Print the listing below a second time, exactly, and omit its images.

Data excerpt:
Content starts
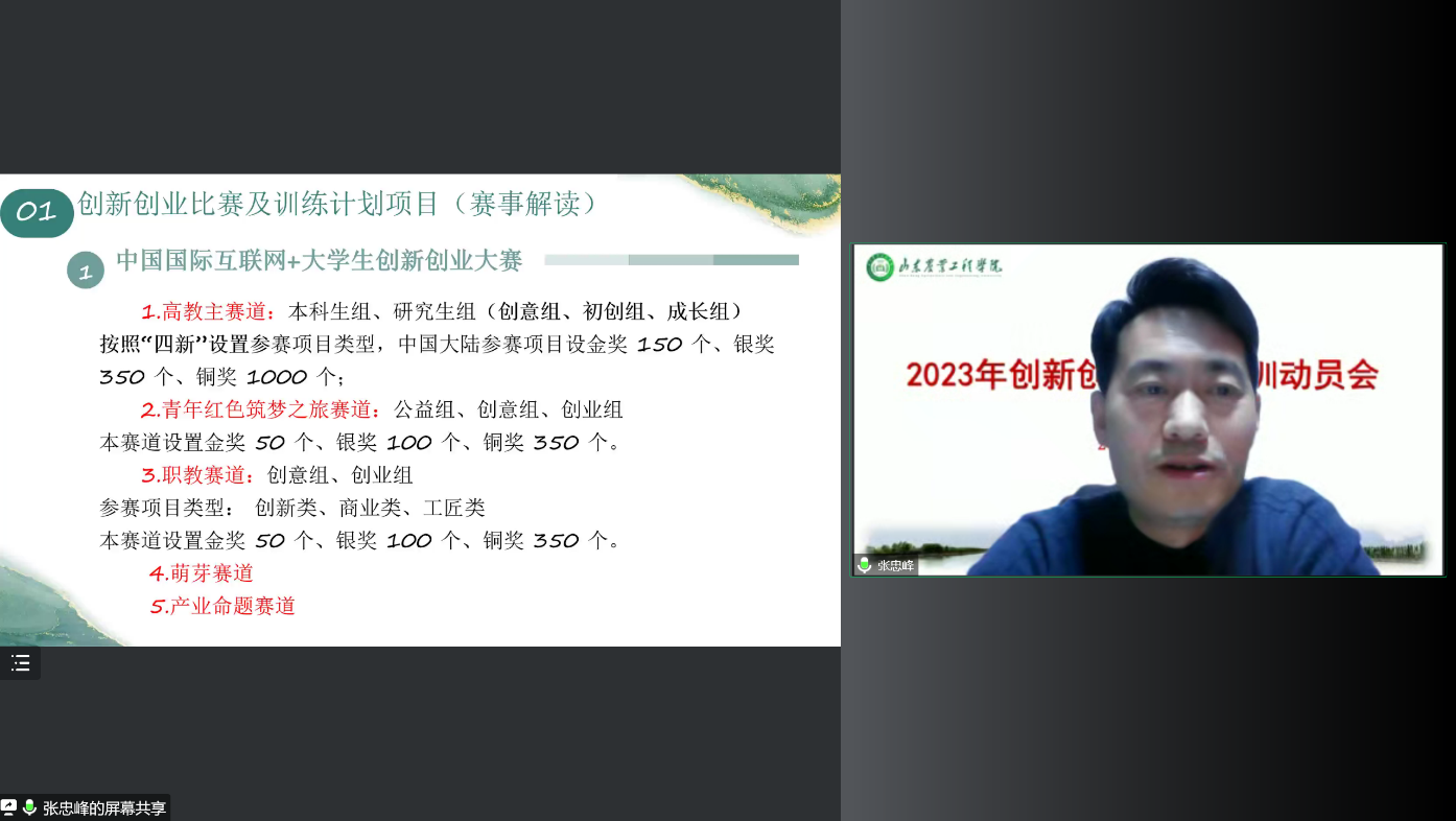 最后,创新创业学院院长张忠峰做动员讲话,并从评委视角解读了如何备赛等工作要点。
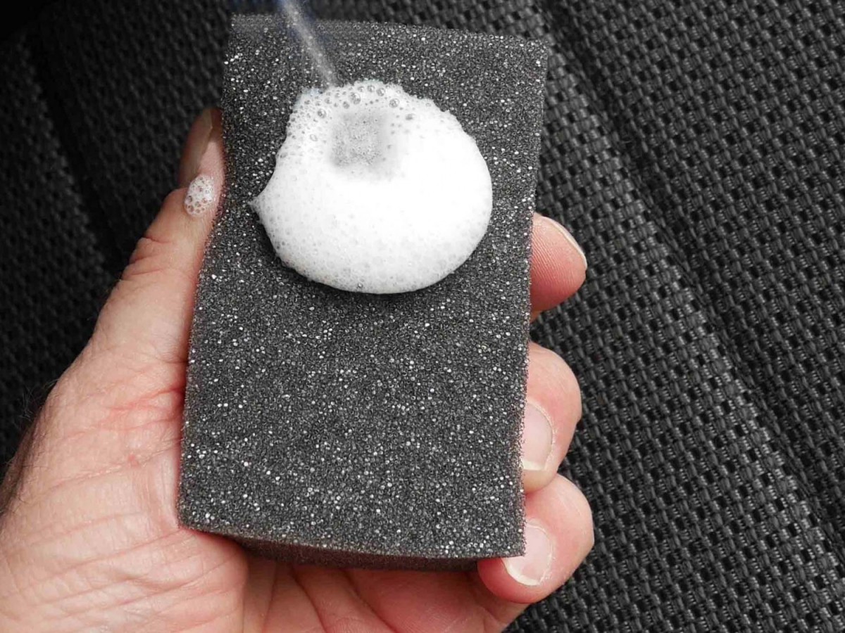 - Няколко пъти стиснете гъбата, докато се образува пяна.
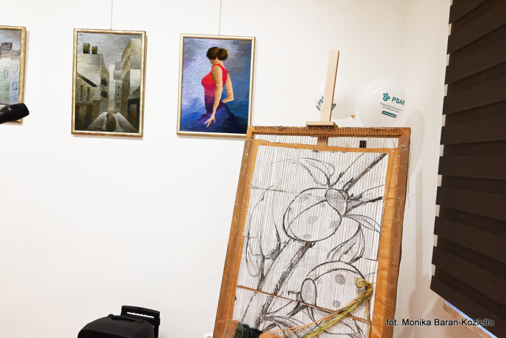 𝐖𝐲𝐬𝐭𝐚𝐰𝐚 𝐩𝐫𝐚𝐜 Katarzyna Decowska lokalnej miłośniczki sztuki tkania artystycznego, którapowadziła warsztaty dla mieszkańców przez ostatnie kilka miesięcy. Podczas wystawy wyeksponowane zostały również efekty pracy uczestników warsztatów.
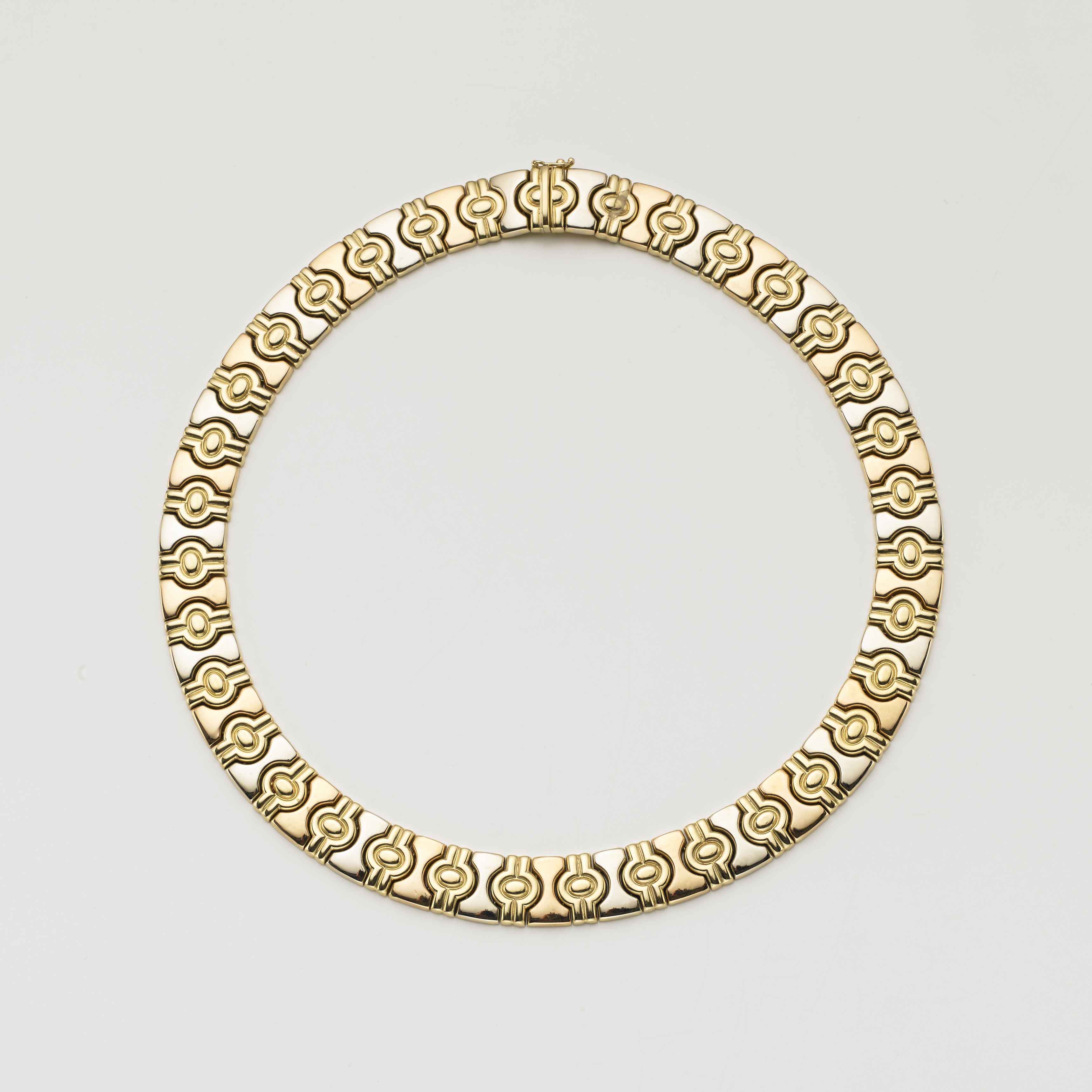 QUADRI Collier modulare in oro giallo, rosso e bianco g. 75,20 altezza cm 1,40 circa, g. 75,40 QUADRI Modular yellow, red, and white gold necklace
Content ends
Problem solution:
 最后,创新创业学院院长张忠峰做动员讲话,并从评委视角解读了如何备赛等工作要点。
 - Няколко пъти стиснете гъбата, докато се образува пяна.
 𝐖𝐲𝐬𝐭𝐚𝐰𝐚 𝐩𝐫𝐚𝐜 Katarzyna Decowska lokalnej miłośniczki sztuki tkania artystycznego, którapowadziła warsztaty dla mieszkańców przez ostatnie kilka miesięcy. Podczas wystawy wyeksponowane zostały również efekty pracy uczestników warsztatów.
 QUADRI Collier modulare in oro giallo, rosso e bianco g. 75,20 altezza cm 1,40 circa, g. 75,40 QUADRI Modular yellow, red, and white gold necklace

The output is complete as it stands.